Dan Corvalan, 39, has already directly felt the impact. He said he has been homeless since late March when he was evicted from a downtown single-room occupancy hotel after he was unable to pay his rent on time. He previously received unemployment and rental assistance.
Now, after a stint sleeping on the street in East Village, Corvalan said he’s living in a car and recently was offered an information technology job after a months-long search.
The experience left Corvalan convinced the region needs to step up efforts to prevent homelessness.
“If the city wants to fight homelessness, they need to fight the making of homelessness,” Corvalan said.
Alpha Project CEO Bob McElroy, whose nonprofit runs multiple large homeless shelters, said he fears what’s next for people his organization has already helped move off the street.
On a single late March visit to Alpha Project’s Barrio Logan shelter, McElroy said a handful of former clients the agency previously helped find permanent homes approached him asking if they’d have a bed at his shelter if they needed to return. McElroy said all were facing the prospect of significant rent increases they couldn’t afford.

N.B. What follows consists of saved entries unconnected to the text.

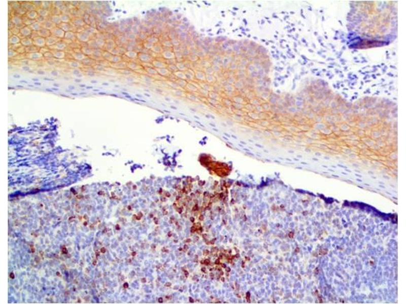 DSG3 (Desmoglein 3) is a calcium-binding transmembrane glycoprotein component of desmosomes, conferring strong cell-cell adhesion. Desmosomes are button-like points of intercellular contact that allow the attachment of cytoskeletal elements to the plasma membrane at sites of cell-cell adhesion. DSG3 is expressed in basal and immediate suprabasal layers of skin. To maintain cell-cell adhesion DSG3 interacts with other desmosomal proteins, such as plakoglobin. Plakoglobin is closely related to Beta-catenin, which is a well-known downstream effector molecule in the canonical Wnt signaling pathway.DSG3 also promotes cancer cell growth and invasion through a plakoglobin-mediated signaling pathway.
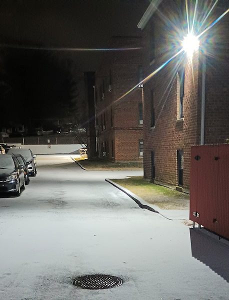 Larchmont, New York. Snowfall amounts included: Boston: 0.6"; Bridgeport: 0.6"; Islip: 0.3"; New York City: 0.5"; Newark: 0.5"; and, Philadelphia: Trace
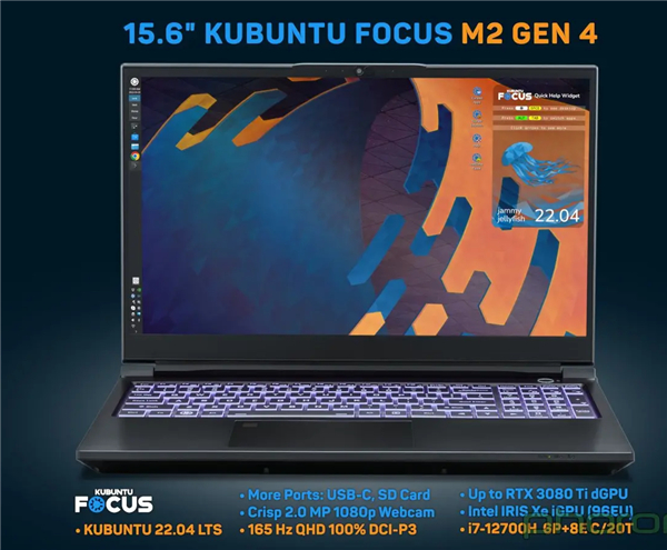 Kubuntu Focus M2 Gen4 笔记本电脑采用英特尔 Alder Lake 处理器,最高支持选配英特尔酷睿 i7-12700H 处理器,和最高 NVIDIA RTX 3080 Ti 移动 GPU。
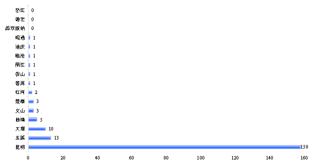 統(tǒng)計范圍內(nèi)的200家環(huán)保企業(yè)地域分布高度集中,滇中城市群聚集了調(diào)查范圍內(nèi)90.5%的企業(yè),共計181家,主要分布在昆明、玉溪、楚雄、曲靖四座城市,其中昆明環(huán)保企業(yè)158家,占統(tǒng)計企業(yè)總數(shù)的79.0%。
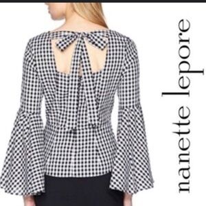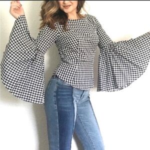 Nanette Lepore Black/White Checker Oversize Bell Sleeve Cotton Peasant Top (M)
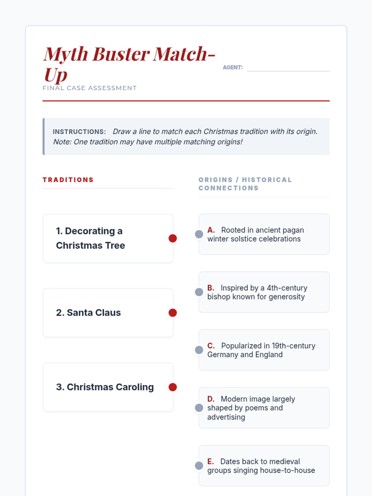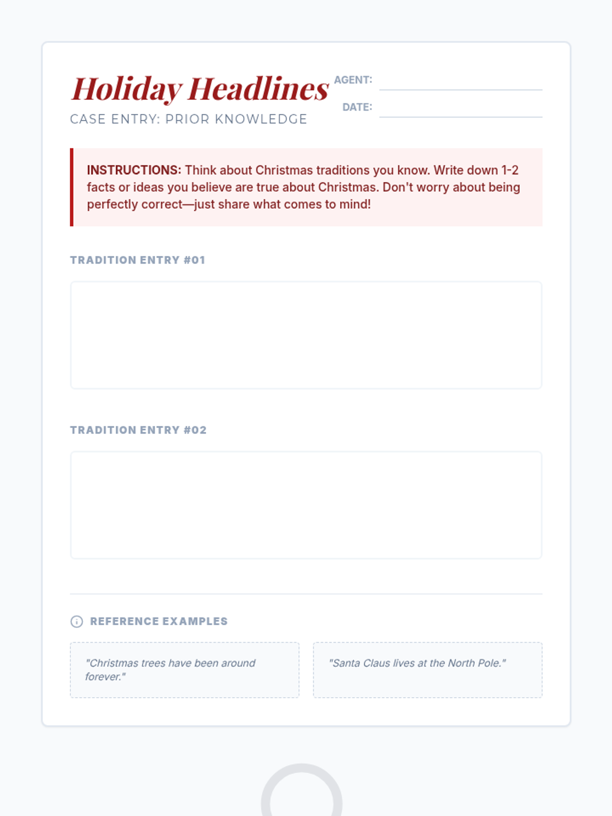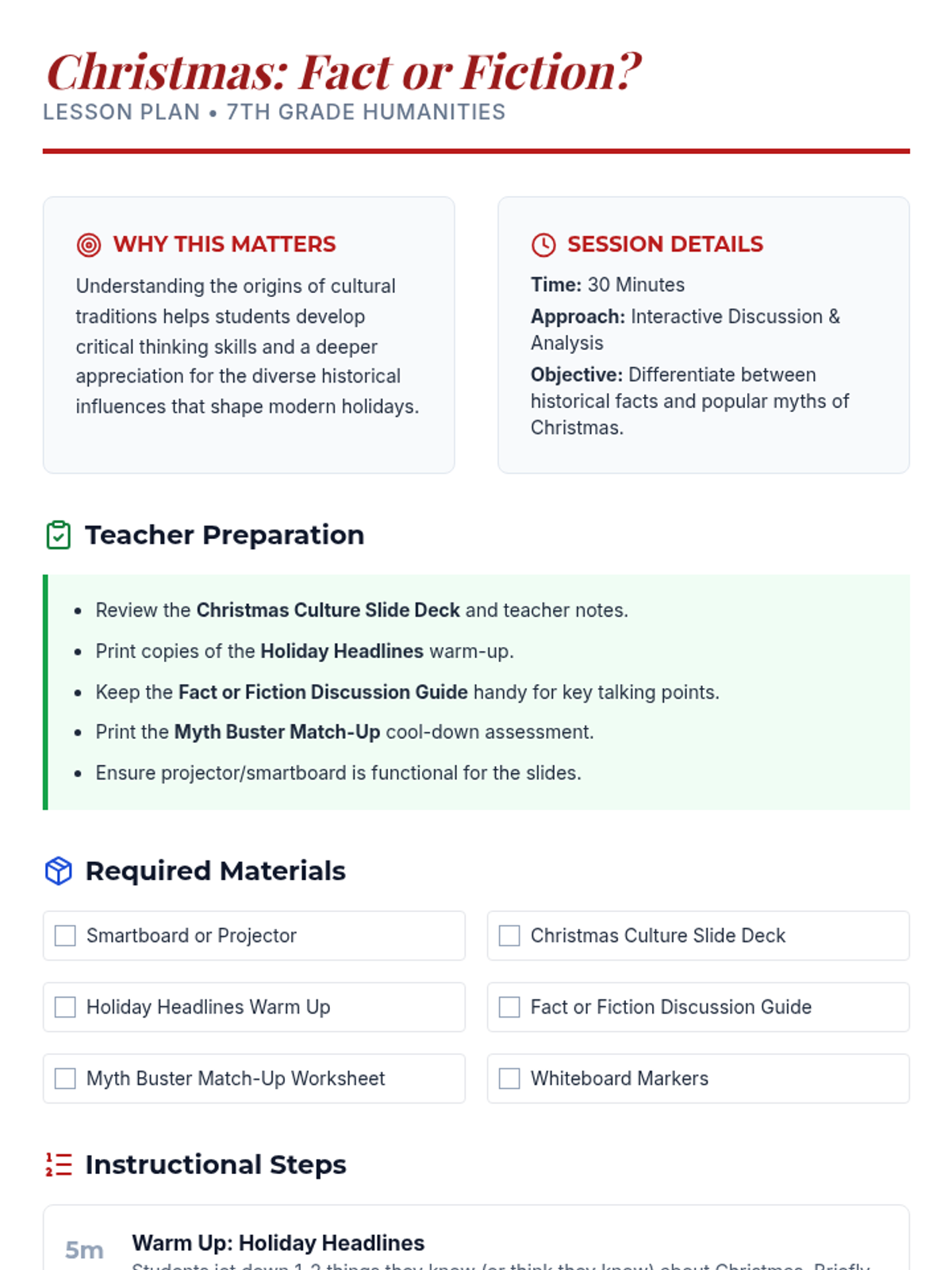 A 30-minute investigative lesson for 7th graders to explore the historical and cultural origins of common Christmas traditions, distinguishing between ancient customs and modern myths.

“They waited patiently for their opportunity, and they found their opportunity and now they’re being squeezed out again,” McElroy said. “I thought we were moving the ball down the court.”
And Sebastian Martinez, executive director of Chula Vista nonprofit Community Through Hope, said his organization has seen a surge in need since late last year, particularly after bolstered unemployment payments dried up.
“Once those things ran out, it was pretty much game over,” Martinez said.
In response to anecdotes like these and past point-in-time data showing a growing population of homeless seniors, San Diego County supervisors in February approved a pilot shallow subsidy program to support seniors who might otherwise fall into homelessness.
This year’s point-in-time count found that one in four unsheltered people were over 55. Nearly half reported to volunteers that they became homeless for the first time in the past year, Kohler said.
The San Diego City Council also recently approved a no-fault eviction moratorium set to go into effect next week that is aimed at protecting residents who are not behind on rent. City Council President Sean Elo-Rivera and other councilmembers have also urged Mayor Todd Gloria to incorporate a housing stability fund into his latest budget to provide short-term rent relief and help people forced to move out of their homes. Gloria did not include that funding in his revised budget released Tuesday.
“In terms of stability funding, it’s critical to making sure that we don’t just end up on a losing battle on a treadmill,” Elo-Rivera said at a budget hearing earlier this month.